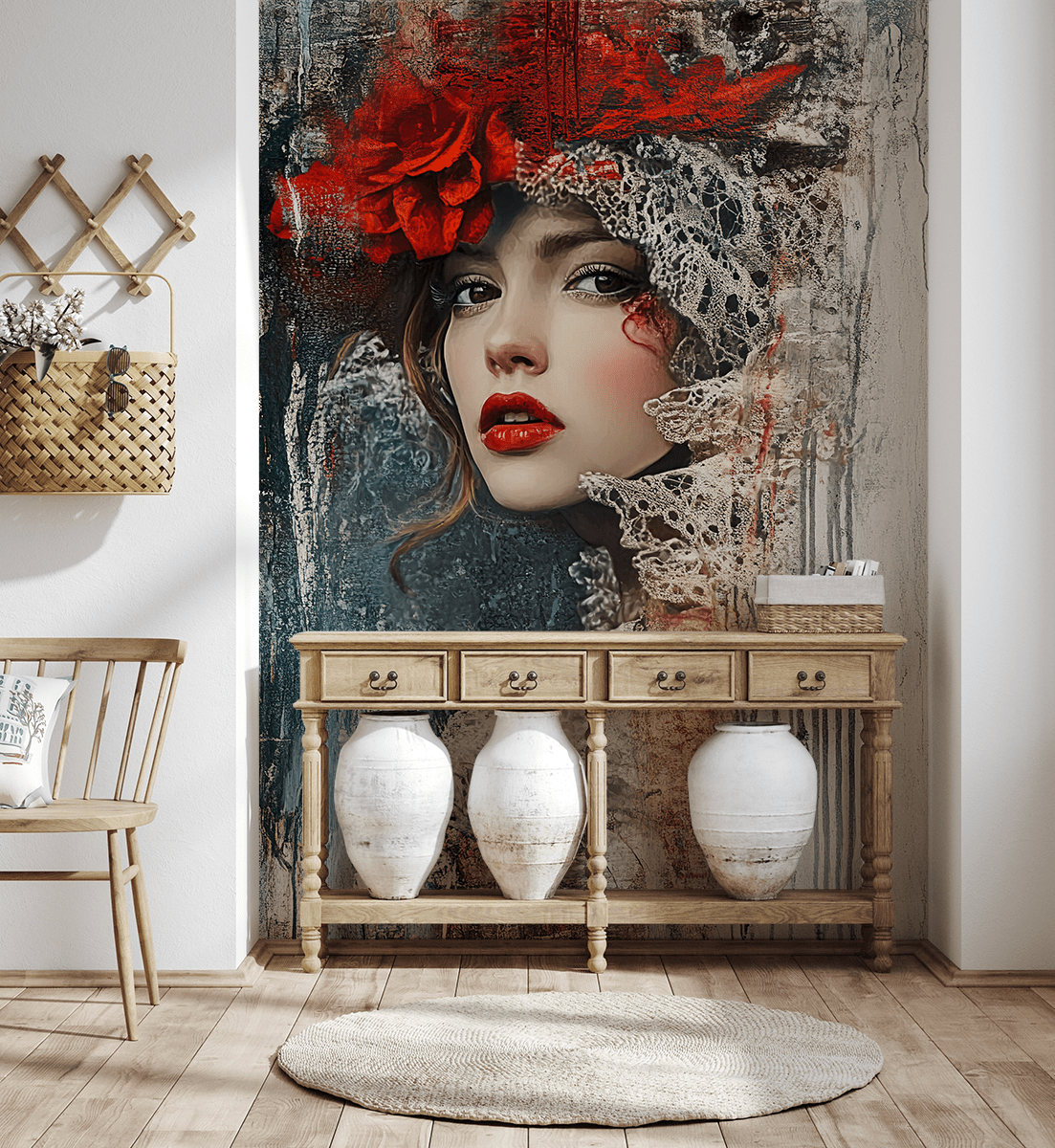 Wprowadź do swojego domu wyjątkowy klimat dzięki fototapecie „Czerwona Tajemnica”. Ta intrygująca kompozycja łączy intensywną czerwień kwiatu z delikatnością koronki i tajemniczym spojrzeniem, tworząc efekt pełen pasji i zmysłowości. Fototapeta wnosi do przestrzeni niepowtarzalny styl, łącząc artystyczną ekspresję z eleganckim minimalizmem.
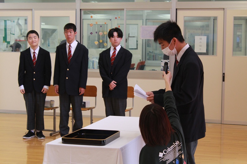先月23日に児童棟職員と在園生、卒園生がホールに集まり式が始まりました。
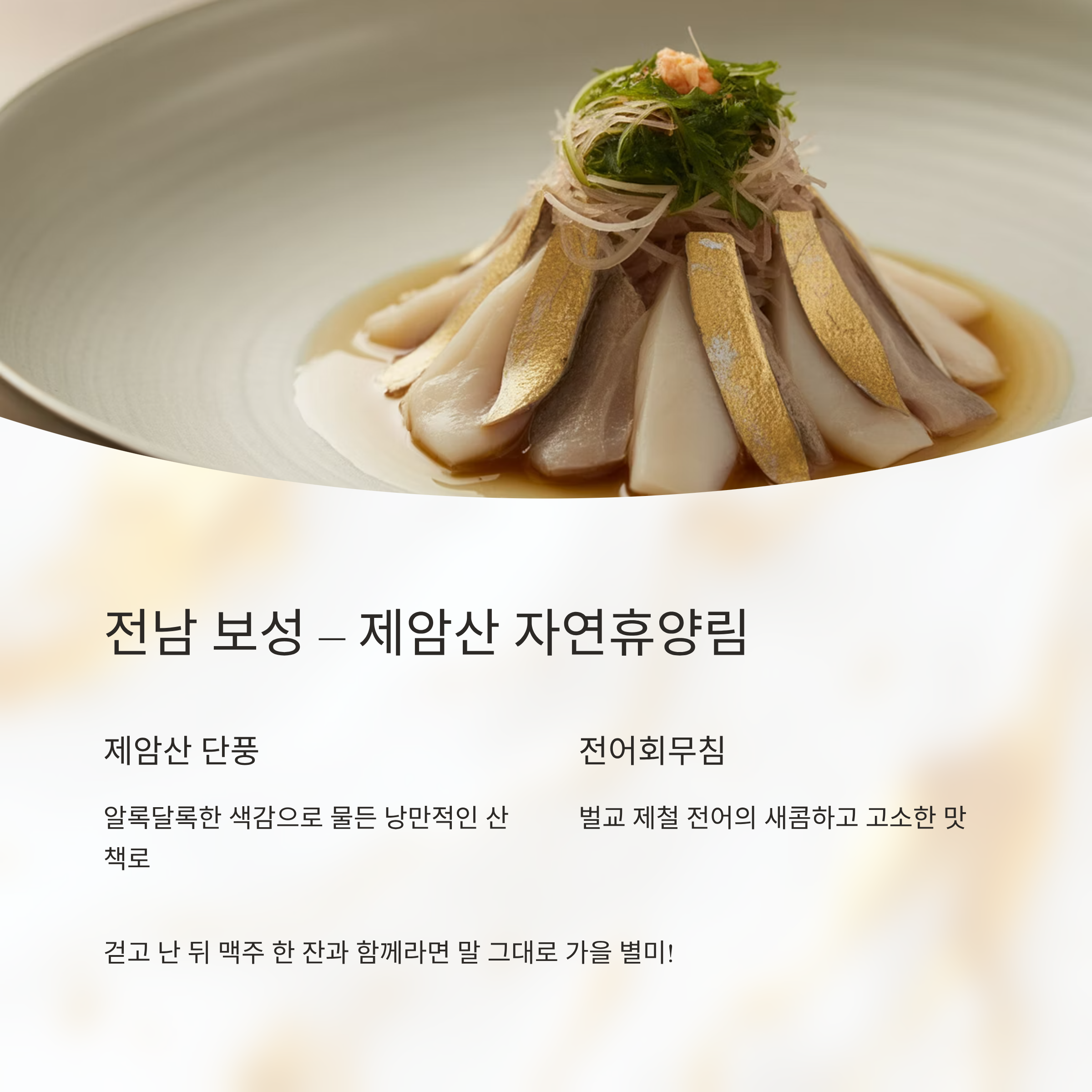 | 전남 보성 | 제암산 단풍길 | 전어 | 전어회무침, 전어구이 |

---

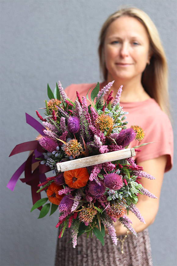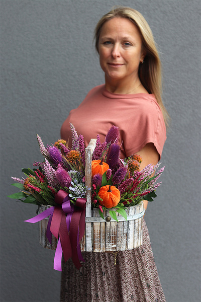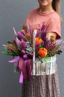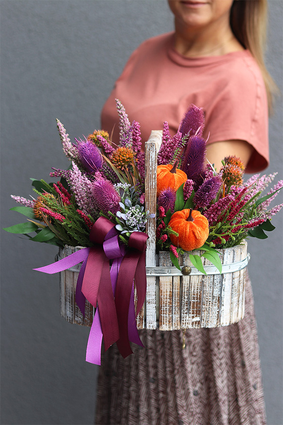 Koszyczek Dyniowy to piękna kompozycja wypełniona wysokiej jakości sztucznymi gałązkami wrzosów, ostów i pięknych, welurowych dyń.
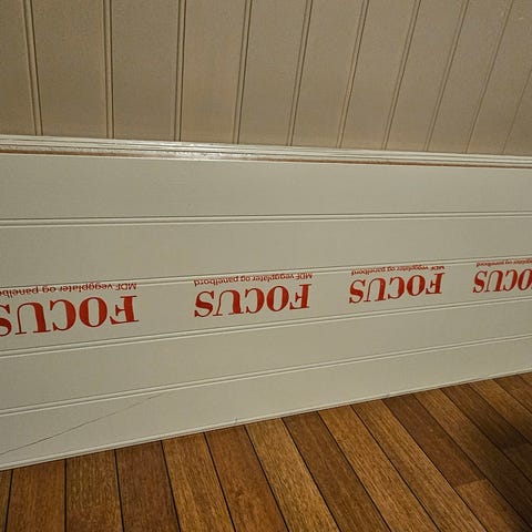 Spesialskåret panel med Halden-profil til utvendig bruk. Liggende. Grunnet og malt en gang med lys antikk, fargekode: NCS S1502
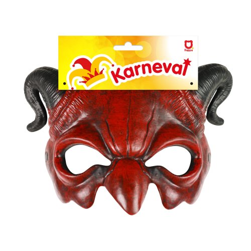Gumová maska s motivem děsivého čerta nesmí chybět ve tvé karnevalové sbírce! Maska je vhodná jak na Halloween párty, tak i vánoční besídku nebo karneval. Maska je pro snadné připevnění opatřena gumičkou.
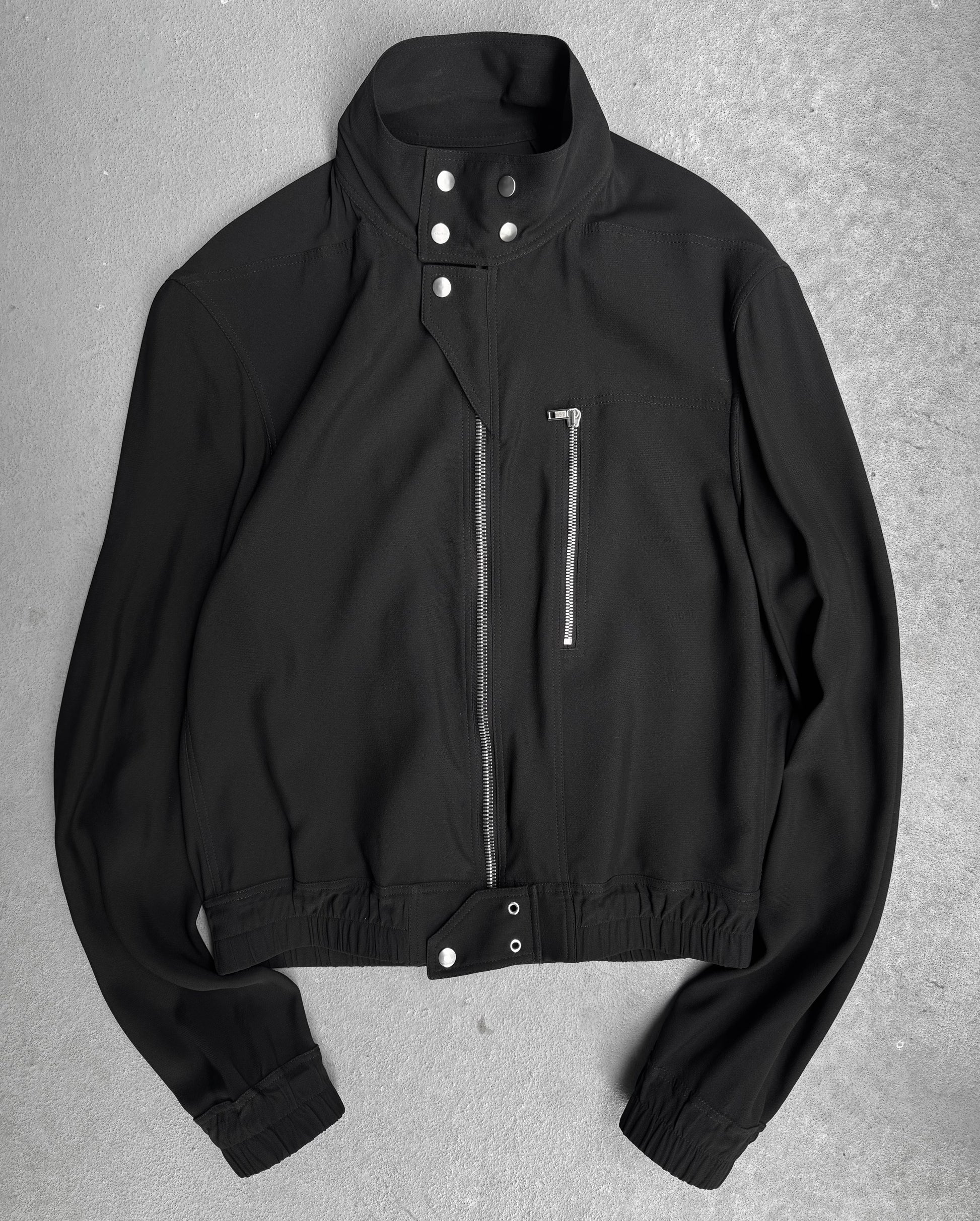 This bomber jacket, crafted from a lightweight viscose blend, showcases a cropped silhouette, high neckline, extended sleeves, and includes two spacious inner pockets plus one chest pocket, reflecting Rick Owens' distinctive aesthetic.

▶ WHAT TO WORK ON: In the listing above, find the line with "Spesialskåret panel med" and the line with "This bomber jacket, crafted". Copy exactly those lines and all between them, minus the images.

▶ ANSWER SPACE:
 Spesialskåret panel med Halden-profil til utvendig bruk. Liggende. Grunnet og malt en gang med lys antikk, fargekode: NCS S1502
Gumová maska s motivem děsivého čerta nesmí chybět ve tvé karnevalové sbírce! Maska je vhodná jak na Halloween párty, tak i vánoční besídku nebo karneval. Maska je pro snadné připevnění opatřena gumičkou.
 This bomber jacket, crafted from a lightweight viscose blend, showcases a cropped silhouette, high neckline, extended sleeves, and includes two spacious inner pockets plus one chest pocket, reflecting Rick Owens' distinctive aesthetic.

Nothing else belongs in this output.